W słuchawce rozległ się głuchy sygnał mówiący o zakończeniu rozmowy. Brunet przeklną pod nosem i wrócił do swoich uzależnień.
Powoli zaczynało świtać, co kompletnie mu nie przeszkadzało, mimo że głowa sama leciała na ramię.

     Harry postanowił zażyć sobie długą kąpiel, może to sprawi, że będzie bardziej śpiący.

    Brunet usadowił się w głębokiej wannie, praktycznie znikając wśród bąbelków i piany. W tle cicho grała muzyka klasyczna dodająca klimatu. Wszelkie te czynniki sprawiły, że jego zielone oczy zniknęły pod powiekami, a sam piosenkarz na chwilę przysnął.

   Z krainy Morfeusza wyrwał go dźwięk budzika zwiastujący godzinę piątą. Chłopak ujął telefon w dłoń i spojrzał na powiadomienie o nowym mailu.

... A teledysk i piosenkę nagra Pan w współpracy z Panem Louisem Tomlinsonem...

Harry widząc to wypuścił telefon z ręki, a ten cudem nie wpadł do wody.
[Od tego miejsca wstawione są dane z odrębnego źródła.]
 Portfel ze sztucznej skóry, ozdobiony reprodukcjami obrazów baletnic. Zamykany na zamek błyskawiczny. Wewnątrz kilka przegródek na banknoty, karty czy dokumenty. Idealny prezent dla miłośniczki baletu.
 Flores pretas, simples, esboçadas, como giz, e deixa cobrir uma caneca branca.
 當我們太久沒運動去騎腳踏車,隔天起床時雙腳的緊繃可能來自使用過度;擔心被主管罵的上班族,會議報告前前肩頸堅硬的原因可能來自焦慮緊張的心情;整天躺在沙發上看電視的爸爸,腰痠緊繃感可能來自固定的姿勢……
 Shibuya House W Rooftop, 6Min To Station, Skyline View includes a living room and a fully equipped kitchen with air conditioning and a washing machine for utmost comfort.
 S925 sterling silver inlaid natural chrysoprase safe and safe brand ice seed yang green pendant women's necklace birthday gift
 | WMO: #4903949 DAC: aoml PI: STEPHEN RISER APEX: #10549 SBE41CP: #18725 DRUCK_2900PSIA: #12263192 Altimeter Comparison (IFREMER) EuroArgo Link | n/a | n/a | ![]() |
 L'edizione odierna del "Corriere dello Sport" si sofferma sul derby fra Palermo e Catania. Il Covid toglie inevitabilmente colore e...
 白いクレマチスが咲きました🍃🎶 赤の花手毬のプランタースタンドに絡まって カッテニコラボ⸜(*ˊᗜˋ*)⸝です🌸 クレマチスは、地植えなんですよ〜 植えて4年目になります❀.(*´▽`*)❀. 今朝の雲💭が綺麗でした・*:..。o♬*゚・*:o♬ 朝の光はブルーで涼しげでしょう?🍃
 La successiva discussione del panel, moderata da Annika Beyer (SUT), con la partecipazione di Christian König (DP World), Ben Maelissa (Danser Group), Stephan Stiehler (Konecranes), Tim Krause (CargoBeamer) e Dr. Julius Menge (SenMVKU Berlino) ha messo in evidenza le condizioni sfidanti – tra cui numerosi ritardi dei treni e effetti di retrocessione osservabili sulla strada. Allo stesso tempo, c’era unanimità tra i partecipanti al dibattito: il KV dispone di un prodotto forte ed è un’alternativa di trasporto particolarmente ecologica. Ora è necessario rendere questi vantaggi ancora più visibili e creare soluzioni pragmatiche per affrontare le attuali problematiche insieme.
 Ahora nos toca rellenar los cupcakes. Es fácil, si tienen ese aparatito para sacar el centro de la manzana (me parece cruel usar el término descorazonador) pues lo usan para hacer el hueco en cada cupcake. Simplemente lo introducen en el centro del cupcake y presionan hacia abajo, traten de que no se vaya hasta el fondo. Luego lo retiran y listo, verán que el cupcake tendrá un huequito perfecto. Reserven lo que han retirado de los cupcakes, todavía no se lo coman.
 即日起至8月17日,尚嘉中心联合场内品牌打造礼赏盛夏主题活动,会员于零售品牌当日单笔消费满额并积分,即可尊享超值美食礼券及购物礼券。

Serce bruneta zaczęło bić szybciej. Nagle wróciły mu wspomnienia z ostatniej dekady jego życia. Wszystkie uczucia, momenty, które towarzyszyły mu podczas obecności szatyna.
Teraz tym bardziej nie zaśnie przez ten tydzień.

***

-Ale dlaczego akurat on? - wykrzyczał Louis patrząc na nowego menadżera

-Miałem Ci załatwić duet - bronił się mężczyzna

-I musiał to być akurat Harry - szatyn przewrócił oczami i dopalił papierosa

-W środę masz lot do Paryża - rzekł na odchodne Cyprian

-Super - Louis powiedział sarkastycznie pod nosem.
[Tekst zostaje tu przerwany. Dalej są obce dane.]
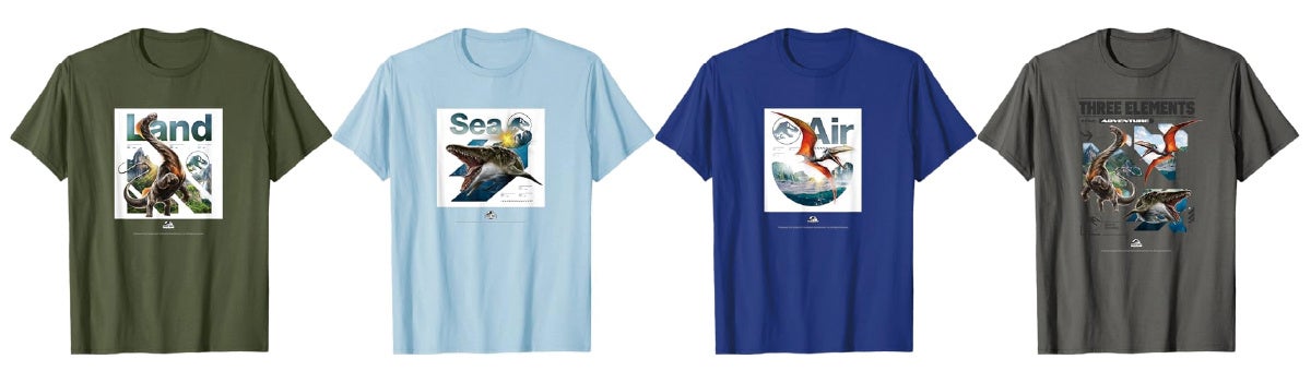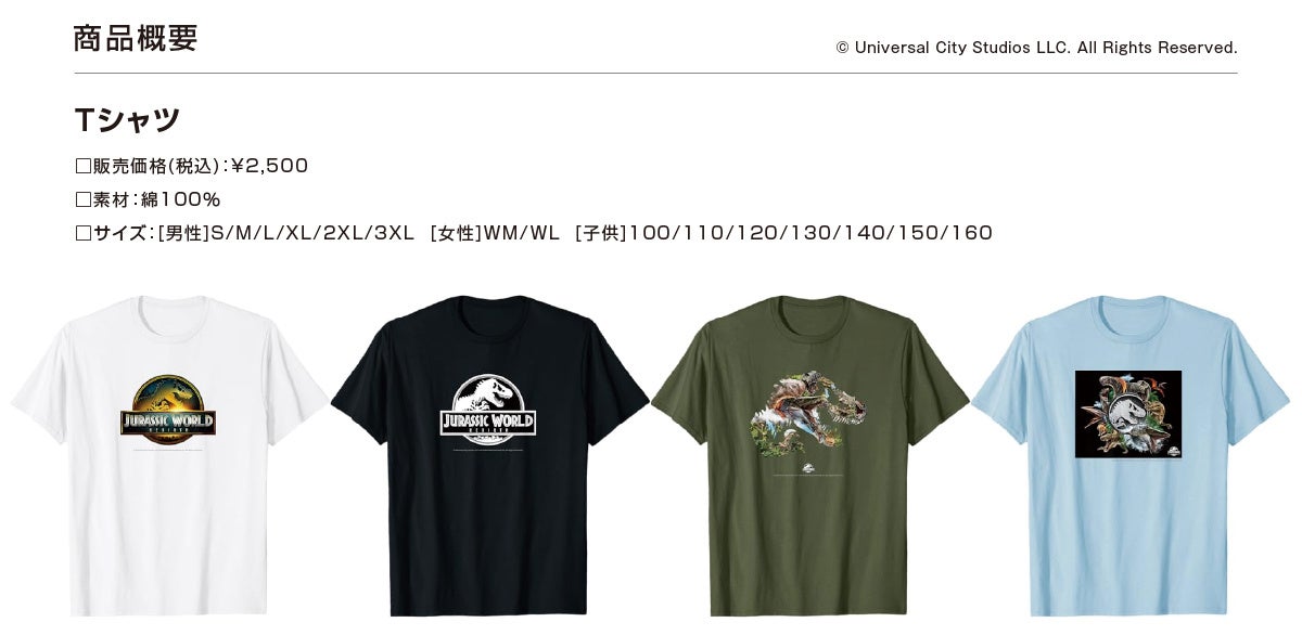 本商品は、最新作『ジュラシック・ワールド/復活の大地』の8月8日(金)公開を記念して登場する、公式デザインTシャツコレクションです。“陸・海・空”を舞台に躍動する恐竜たちをモチーフに、迫力あるビジュアルやロゴをあしらったデザインを採用しました。

Chłopak spojrzał na krajobraz dużego miasta rozprzestrzeniający się za oknem. Szatyn żałował, że nie ma do kogo się przytulić w tej chwili, aby ktoś mógł dodać mu trochę otuchy. W końcu Eleanor opuściła go rok temu. Nikt do końca nie wiedział dlaczego. Może dziewczyna w końcu zrozumiała, że cały ten czas była przykrywką dla piosenkarza? Pomimo bogatego życia nie była w stanie żyć w kłamstwie. Zwłaszcza, że ona naprawdę go kochała i chciała założyć przykładną rodzinę. Ale nie pozwoli dziecku cierpieć. Ze swojej pracy w modelingu mogła pozwolić sobie na dom w stolicy Hiszpanii, gdzie mieszkała od pół roku ze swoim nowym partnerem.

   Louis położył się na łóżku i spojrzał na telefon. - Dwa dni do wylotu - zaczął odliczać. Szatyn przykrył się kołdrą, aby powstrzymać natarczywe dreszcze. Sam nie wiedział, czy były one z zimna, czy ze stresu. Zamknął oczy, a po usłyszeniu głośnego klaksonu z dworu zapadła cisza. Chłopak zapadł w sen. Dawno nie był w stanie zasnąć tak szybko jak teraz. Godzina dwudziesta, a piosenkarz latał w chmurach mijając niestworzone istoty.

***

Środa nadeszła szybciej niż każdy się spodziewał. Oczywiście Harry nie wiedział, że Louis zjawi się tak szybko. Był przygotowany dopiero na piątek, aby się z nim spotkać.

     Louis stanął przed wejściem na lotnisko we Francji. Po niecałych pięciu minutach podjechała taksówka i zabrała młodego piosenkarza. Droga pod hotel trwała niedużo ponad kwadrans.

    J.K. Place Paris to najlepiej oceniany hotel w całym Paryżu. To właśnie tutaj Harry miał spędzić resztę miesiąca. A od dzisiaj i Louis zajmował pokój na najwyższym piętrze. Chłopcy byli od siebie oddaleni o kilkanaście metrów. Ich pokoje znajdowały się po przeciwnych stronach korytarza.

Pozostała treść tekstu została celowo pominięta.